[DATA FOR ANALYSIS Boundary: Start]

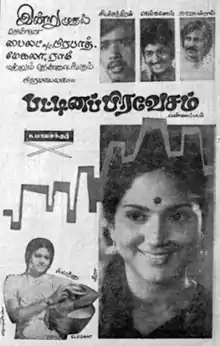 Pattina Pravesam (transl. Entering a City)[3] is a 1977 Indian Tamil-language drama film written and directed by K. Balachander. It is based on the play of the same name, written by Visu and staged the same year. The film stars Delhi Ganesh, Sivachandran and Sarath Babu, all making their cinematic acting debuts. It was released on 9 September 1977.
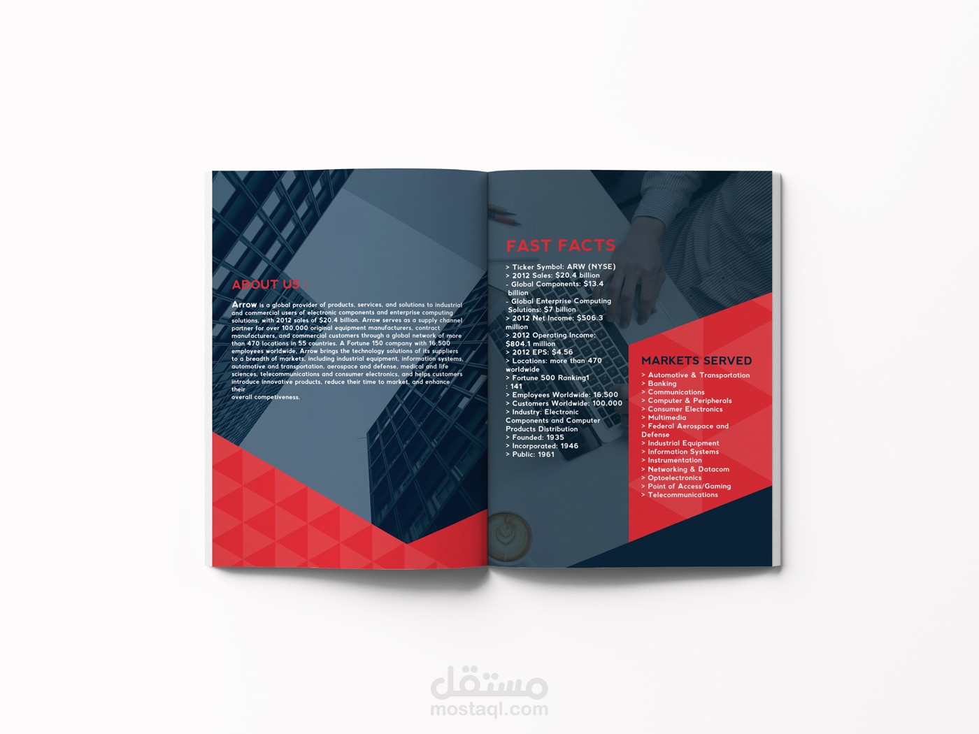تصميم بروفايل نموذجي لمؤسسة آرون بعدد من الصفحات.
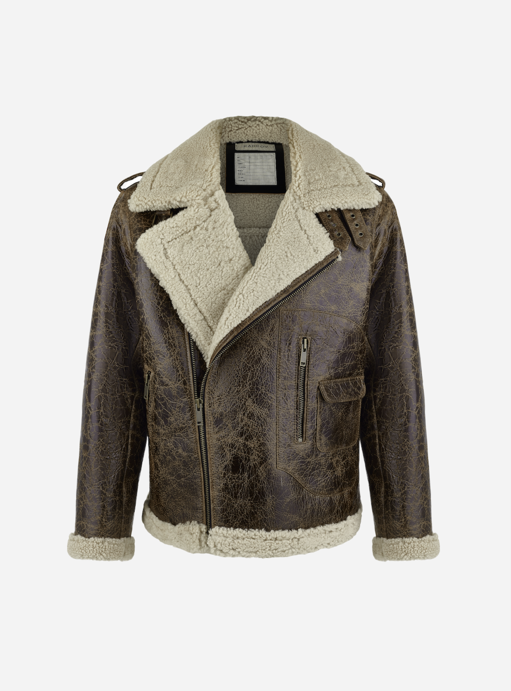 Высокий ворот с функциональными ремешками защитит от ветра и холода. Для пошива изделия мы использовали плотную мягкую овчину. Изнаночная фактурная сторона с плотными завитками хорошо сохраняет тепло, а лицевая кожаная отталкивает влагу и защищает от ветра.
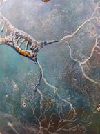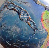 On one side of the globe the universal roots travel upwards and merge into the double helix, DNA structures which interconnect with brain neurons and travel back into the mind at the top of the globe. On the opposite side of the globe, one of these interconnecting neuron trees breaks into a synapse across the borders of the Americas, again trying to establish a mind that sees no separation of people or continents. These neuron trees are represented in tree like structures to further enthersise the interconnectivity of everything. The main branches running off of the spinal cord tree float across the globe in all directions, to once again form the interconnectivity between everything on the planet. Hanging from the branches are the leaves, they represent the natural world of flora and fawner, together with every individual animal and human on the Earth.
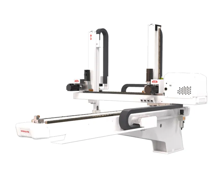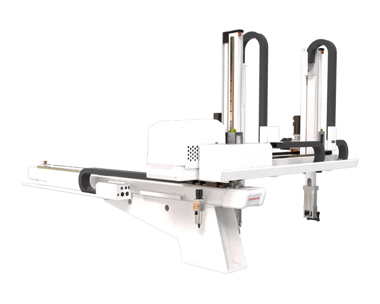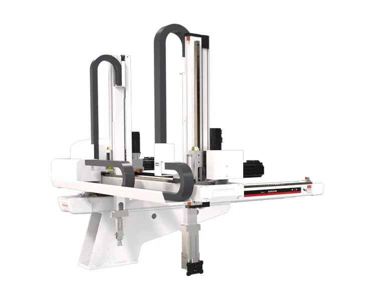 BRTR11WDS5PC/FC系列适用于320T-470T卧式注塑机取出成品及水口,手臂形式伸缩式,双臂,五轴交流伺服驱动,可用于快速取件或模内粘模、模内镶件等特殊产品应用,定位精准,速度快,寿命长,故障低,安装机械手可提高产能(10-30%),降低产品不良率,保障操作人员安全,减少人工。精准控制生产,减少浪费,保障交期。五轴驱控一体化控制系统:信号线少,远距离通讯,扩展性能好,抗干扰能力强,重复定位精度高,可同时控制多轴,设备维护简单,故障率低。
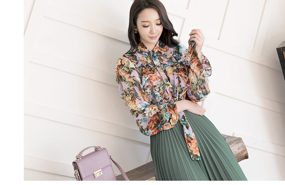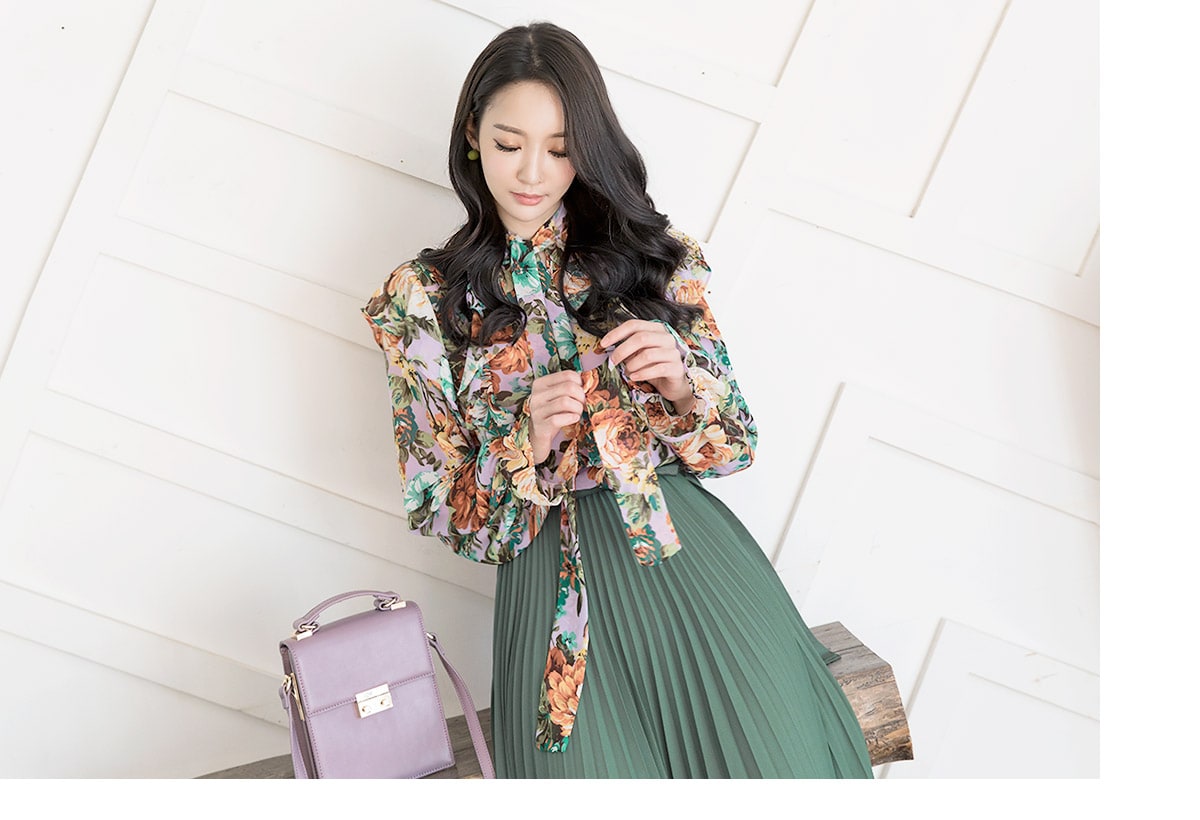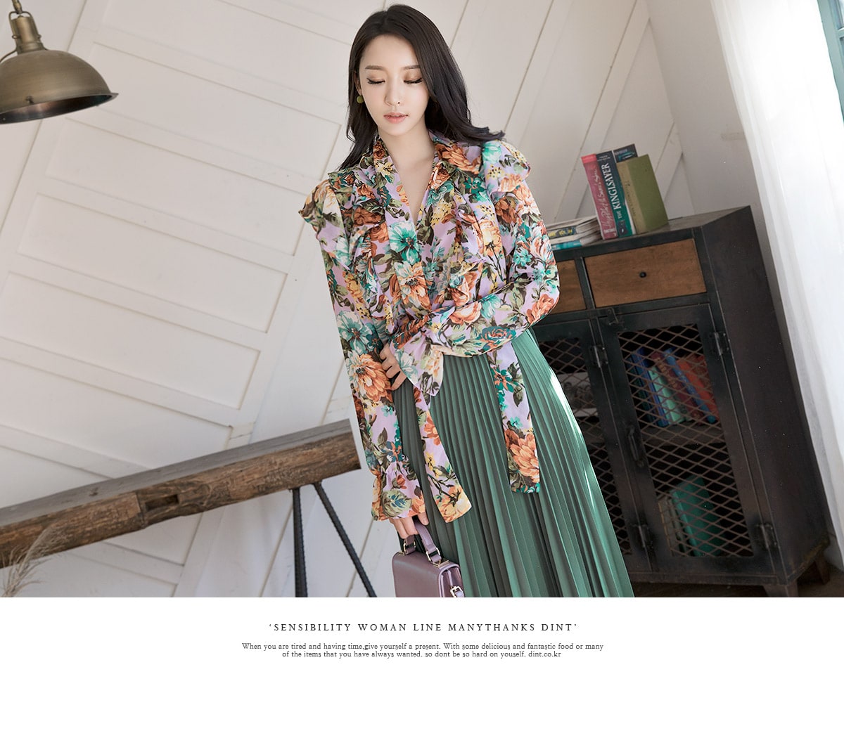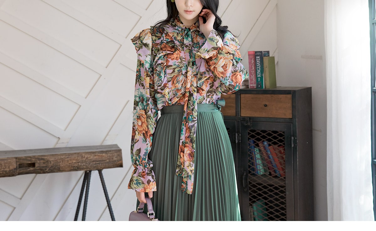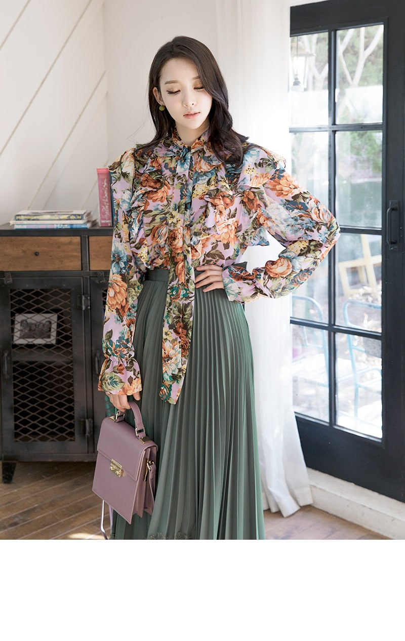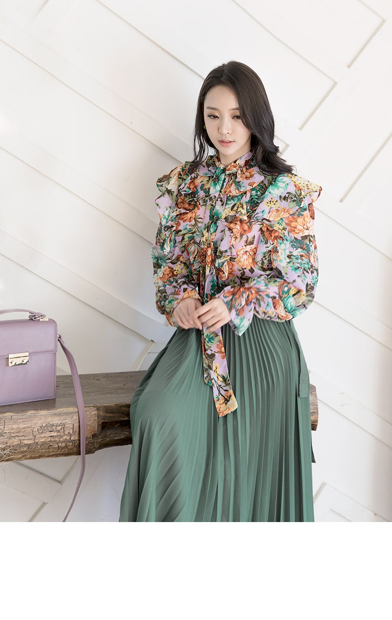 SK1673 레이스 트리밍 플리츠 스커트 Khaki
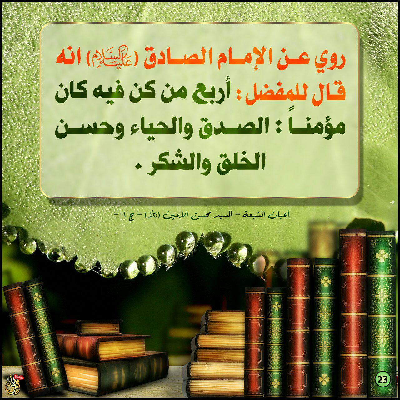 روي عن الإمام الصادق (عليه السلام) إنه قال للمفضل : أربع من كنّ فيه كان مؤمناً : الصدق والحياء وحسن الخلق والشكر .
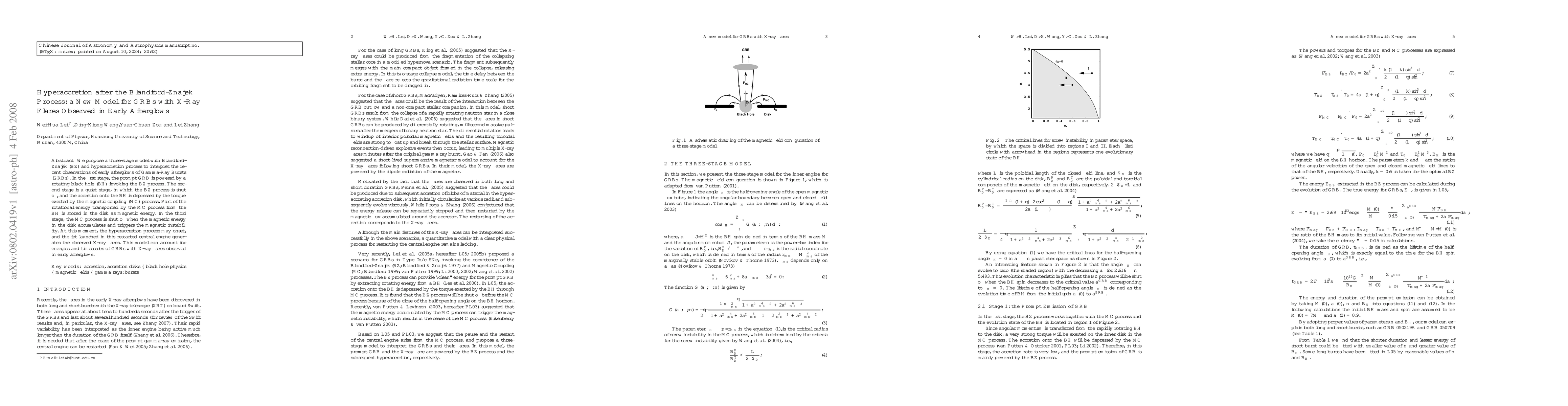 This paper proposes a three-stage model for Gamma-Ray Bursts (GRBs) involving the Blandford-Znajek and hyperaccretion processes, explaining early afterglows with X-ray flares. The model includes a GRB powered by the Blandford-Znajek process, a quiet stage with depressed accretion, and a final stage where magnetic instability triggers hyperaccretion and X-ray flares.

[DATA FOR ANALYSIS Boundary: End]

▶ **WORK REQUIRED**
Make an exact copy of the records above, one that has none of the pictures.

▶ **WRITTEN ANSWER**
 Pattina Pravesam (transl. Entering a City)[3] is a 1977 Indian Tamil-language drama film written and directed by K. Balachander. It is based on the play of the same name, written by Visu and staged the same year. The film stars Delhi Ganesh, Sivachandran and Sarath Babu, all making their cinematic acting debuts. It was released on 9 September 1977.
تصميم بروفايل نموذجي لمؤسسة آرون بعدد من الصفحات.
 Высокий ворот с функциональными ремешками защитит от ветра и холода. Для пошива изделия мы использовали плотную мягкую овчину. Изнаночная фактурная сторона с плотными завитками хорошо сохраняет тепло, а лицевая кожаная отталкивает влагу и защищает от ветра.
 On one side of the globe the universal roots travel upwards and merge into the double helix, DNA structures which interconnect with brain neurons and travel back into the mind at the top of the globe. On the opposite side of the globe, one of these interconnecting neuron trees breaks into a synapse across the borders of the Americas, again trying to establish a mind that sees no separation of people or continents. These neuron trees are represented in tree like structures to further enthersise the interconnectivity of everything. The main branches running off of the spinal cord tree float across the globe in all directions, to once again form the interconnectivity between everything on the planet. Hanging from the branches are the leaves, they represent the natural world of flora and fawner, together with every individual animal and human on the Earth.
 BRTR11WDS5PC/FC系列适用于320T-470T卧式注塑机取出成品及水口,手臂形式伸缩式,双臂,五轴交流伺服驱动,可用于快速取件或模内粘模、模内镶件等特殊产品应用,定位精准,速度快,寿命长,故障低,安装机械手可提高产能(10-30%),降低产品不良率,保障操作人员安全,减少人工。精准控制生产,减少浪费,保障交期。五轴驱控一体化控制系统:信号线少,远距离通讯,扩展性能好,抗干扰能力强,重复定位精度高,可同时控制多轴,设备维护简单,故障率低。
 SK1673 레이스 트리밍 플리츠 스커트 Khaki
 روي عن الإمام الصادق (عليه السلام) إنه قال للمفضل : أربع من كنّ فيه كان مؤمناً : الصدق والحياء وحسن الخلق والشكر .
 This paper proposes a three-stage model for Gamma-Ray Bursts (GRBs) involving the Blandford-Znajek and hyperaccretion processes, explaining early afterglows with X-ray flares. The model includes a GRB powered by the Blandford-Znajek process, a quiet stage with depressed accretion, and a final stage where magnetic instability triggers hyperaccretion and X-ray flares.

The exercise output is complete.